Casting from 32b to 8 bit after accumulation in a multiplication

Hi,

I was reading about the QNNpack and FBGEMM configuration which explains really well the way to multiply, but I am left with the question what is happening after you multiply 8b x 8b and accumulate the result on 16 or 32 bits…how do you cast to 8 bits to get to another convolution?

cc @dskhudia @jianyuhuang

In FBGEMM, we have requantization as a post-processing step to convert the 32 bit to 8 bit after the accumulation. The requantization basically does the following op in the language of numpy:

X_q = (np.round(X / X_scale) + X_zp).clip(0, 255).astype(np.uint8)
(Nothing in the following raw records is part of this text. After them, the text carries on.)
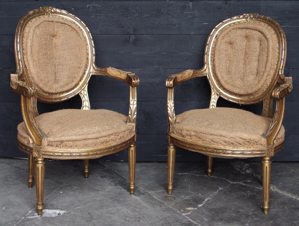 A stunning pair of French armchairs, dating to the late Victorian era and made from giltwood. The frames are strong and sturdy. Very comfortable, the padding is in good condition. They are ready for covering in the fabric of your choice or we have an excellent upholsterer so can have this done.
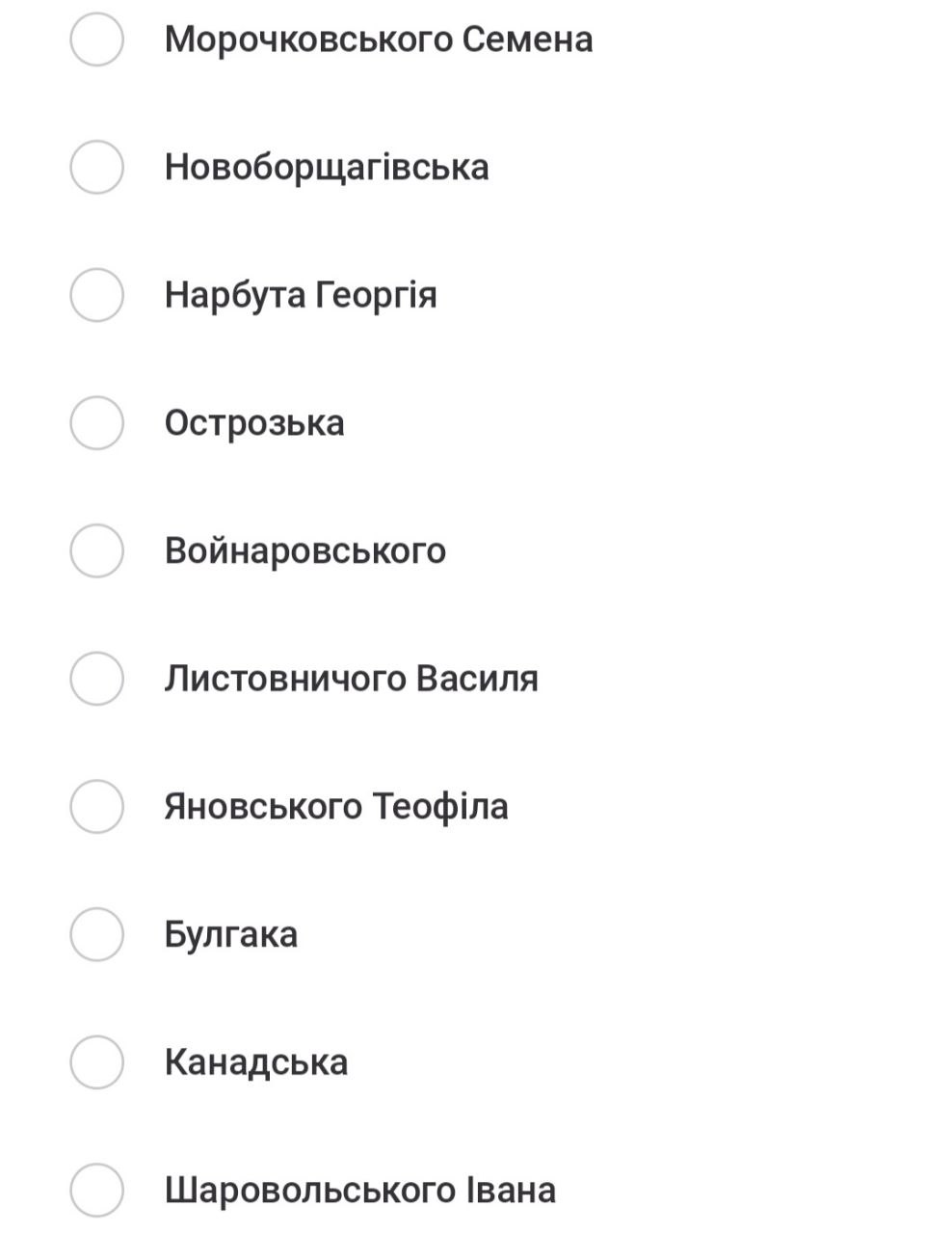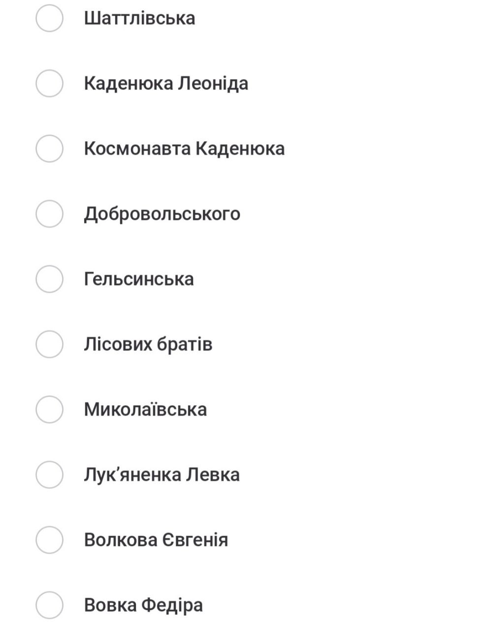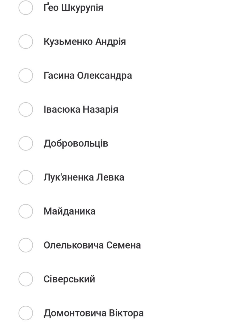 Всего можно выбирать из 36 вариантов. Среди них есть названия в честь украинских музыкантов и певцов - Кузьмы Скрябина, Владимира Ивасюка, географических названий - Троещинский, Польский, Флорентийский.
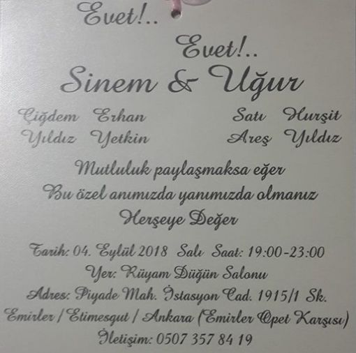 BEKİR VE SANİYE ATEŞ İN KIZI SATI ATEŞ İN OĞLU UĞUR UN DÜĞÜNÜ NE TÜM HEMŞEHRİLERİMİZ DAVETLİDİR.GENÇLERİMİZE MUTLULUKLAR DİLERİZ.
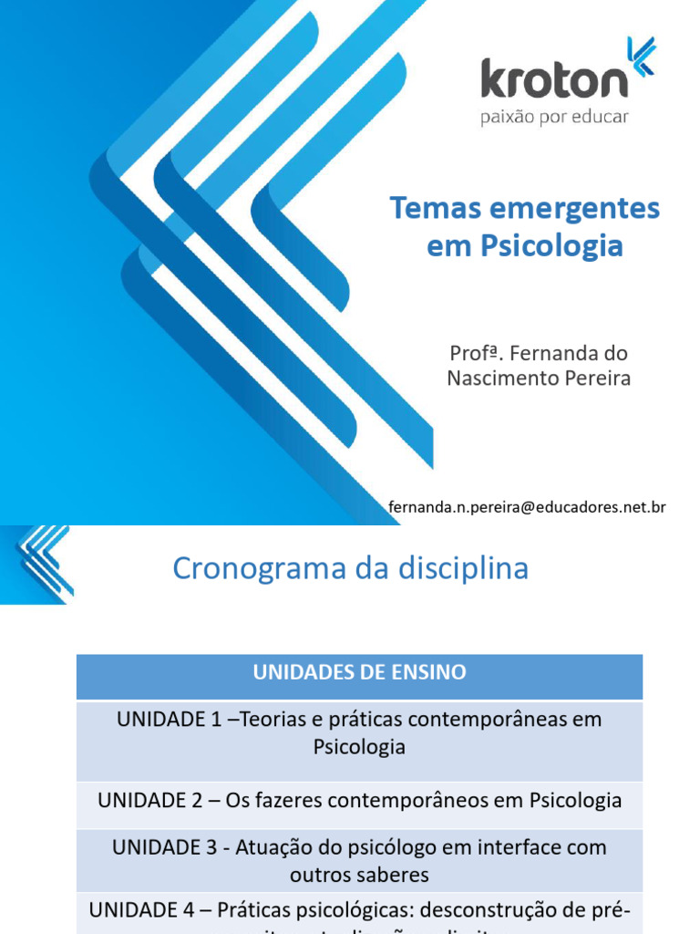 UNIDADE 2 – Os fazeres contemporâneos em Psicologia
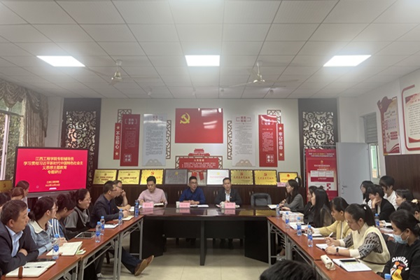 为扎实开展学习贯彻习近平新时代中国特色社会主义思想主题教育,贯彻落实党的二十大精神,推动学校高质量发展,2023年10月26日下午,学生工作部组织全体专职辅导员在抱石艺术学院202会议室开展以“结合习近平总书记关于教育强国的重要论述,聚焦推动学校高质量发展”为主题的主题教育专题研讨活动。学工部部长陈居权、学工部副部长李小力、学工部副部长邓美及各学院党总支副书记、专职辅导员参加,学工部副部长周卫忠主持。
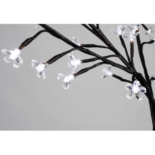 Piękne drzewko które będzie niezwykłą ozdobą podczas świąt. Jego gałązki rozświetla 128 białych światełek LED oraz kwiaty. Całość będzie piękną dekoracją w domu i na zewnątrz, a oświetlone gałązki będą przyciągać uwagę zarówno w dzień jak i w nocy. Dzięki zastosowaniu technologi LED dekoracja jest oszczędna w poborze prądu. Dodatkową zaletą będzie stabilna, metalowa podstawa.
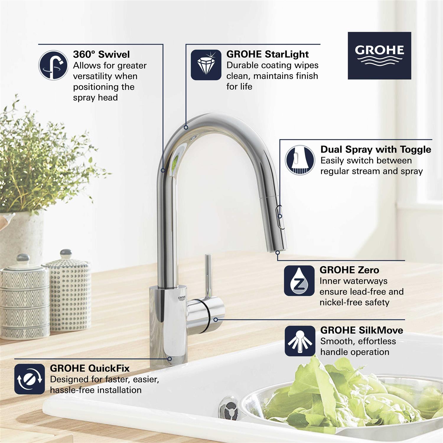 - EASY TO CLEAN: Kitchen faucet sprayer features GROHE SpeedClean rubber nozzles to quickly wipe away limescale with your fingertip
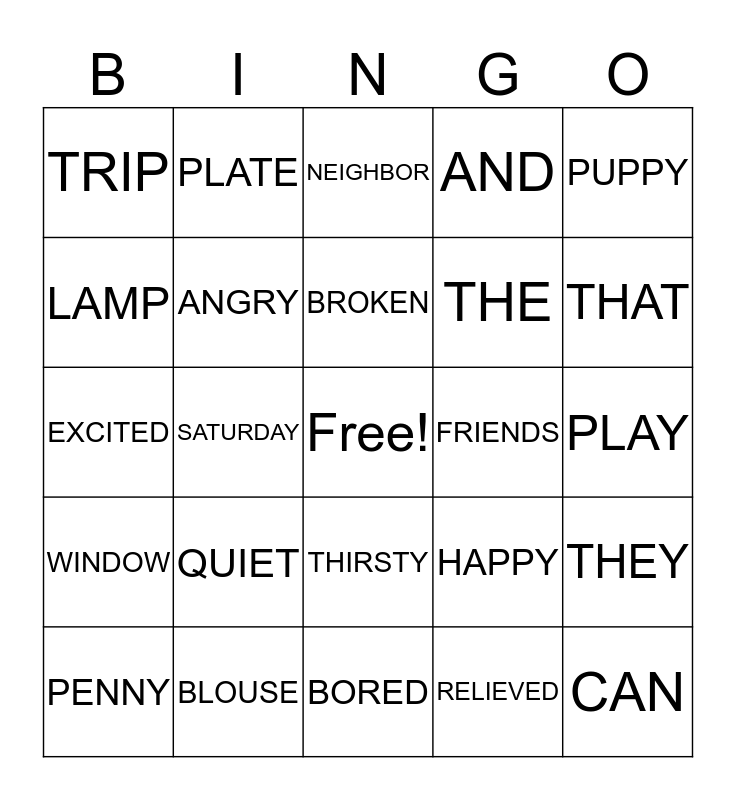 This bingo card has a free space and 24 words: PENNY, QUIET, BROKEN, RELIEVED, PUPPY, TRIP, PLATE, NEIGHBOR, FRIENDS, PLAY, EXCITED, ANGRY, HAPPY, THEY, LAMP, BLOUSE, BORED, AND, THAT, WINDOW, SATURDAY, THIRSTY, THE and CAN.

The modularized requantization wrapper is here:


And inside it a efficient AVX2 kernel is implemented:

1 Like

ok, this makes sense now. But this raises 3 questions for me when I computed an example:

  1. How do I access the scale of the re-quantization? I just managed to see how the scale of converting from 32float to 8int looks like:
    BASIC EXAMPLE:
input: tensor([[[[ 1.0074,  2.0148,  3.0222,  4.0297],
                 [ 5.0371,  6.0445,  7.0519,  8.0593],
                 [ 8.9408,  9.9482, 10.9556, 11.9630],
                 [12.9704, 13.9779, 14.9853, 15.9927]]]], size=(1, 1, 4, 4),
                 dtype=torch.quint8, quantization_scheme=torch.per_tensor_affine,
                 scale=0.125926584005, zero_point=0)
Weight:  <bound method Conv2d.weight of QuantizedConv2d(1, 1, kernel_size=(3, 3), stride=(1, 1), 
          scale=4.51094579697, zero_point=0)
output: tensor([[[[347.3428, 392.4523],
                  [527.7806, 572.8901]]]], size=(1, 1, 2, 2), dtype=torch.quint8,
                  quantization_scheme=torch.per_tensor_affine, scale=4.51094579697,
                  zero_point=0)

PRINTING OUT THE DICTIONARY OF 8INT MODEL:

[(u'conv1.weight', tensor([[[[0.9882, 1.9765, 2.9647],
                             [4.0235, 5.0118, 6.0000],
                             [6.9882, 7.9765, 8.9647]]]], size=(1, 1, 3, 3), dtype=torch.qint8,
                             quantization_scheme=torch.per_channel_affine,
                             scale=tensor([0.0706], dtype=torch.float64), zero_point=tensor([0]),
                             axis=0)),
(u'conv1.scale', tensor(4.5109)),
(u'conv1.zero_point', tensor(0)), 
(u'conv1.bias', tensor([0.], requires_grad=True)), 
(u'quant.scale', tensor([0.1259])), 
(u'quant.zero_point', tensor([0]))]

Because what I have is:

  • scale 0.12 to convert input from 32float to 8int
  • scale 0.0706 to convert weights from 32float to 8int
  • scale 4.51 to convert output from 32float to 8int (just to see how all the values are in int)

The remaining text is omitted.